KerrJanes199
I have been thinking about this woman in San Miguel de Allende. I really do not know her well. She has never been never met by me, really, but we have corresponded. She said that she's tried learning Spanish. She's spent money she did not have to attend classes that produced little in the way of verbal fluency in the language. Her experience? It's very common. You arrive at Mexico, you might even arrived at stay, and simply take classes simply to find almost no, if any, achievement in learning the language. Envision the despair, the disappointment, and the gap.
A trend has been seen by me in the study I've been doing recently. I've been taking a look at American expats in lots of different countries involved from Foreign Service to simple retirement. The overwhelming common theme that dominates virtually all of the Americans in foreign nations is the linguistic inability to keep in touch with the natives of the country.

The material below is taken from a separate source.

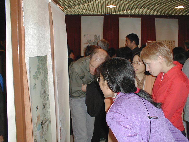 | 来宾仔细欣赏中国画 | 联合国非政府组织成员参观画展 | |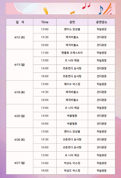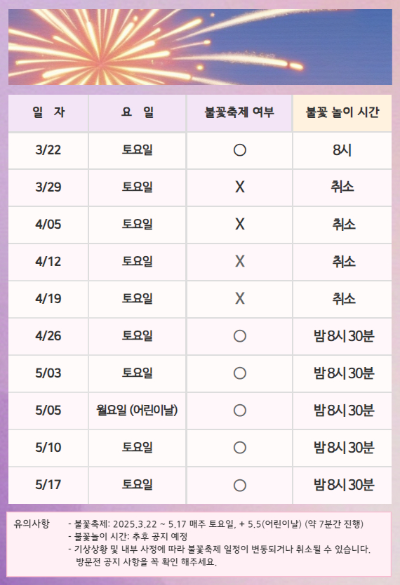 - 기간: 3월 22일(토) ~ 5월 25(일)

Some Americans, let us face it, don't desire to understand the language. If they do not have to, why bother? They associate with other monolingual Americans and people who speak English. In Asia through the 1950's, the natives named the enclaved Americans The Social Incest Club.
What's therefore sad to me are people who want to understand the language and produce a valiant effort simply to fail. They want to somewhat expand the social group with which to have fellowship and communion but they could not. They are required either to mix with the Gringolandia "Social Incest Clubs" completely or they stay alone and isolated. These are determined those who have to know a secret.
The "Translation Method" of language education, the strategy which dominates just about everywhere, by design can't work to show you spoken fluency.
What're most of the different language training techniques which have come down the pike within the last few a century? Why are there so many techniques and those that, if any, actually work?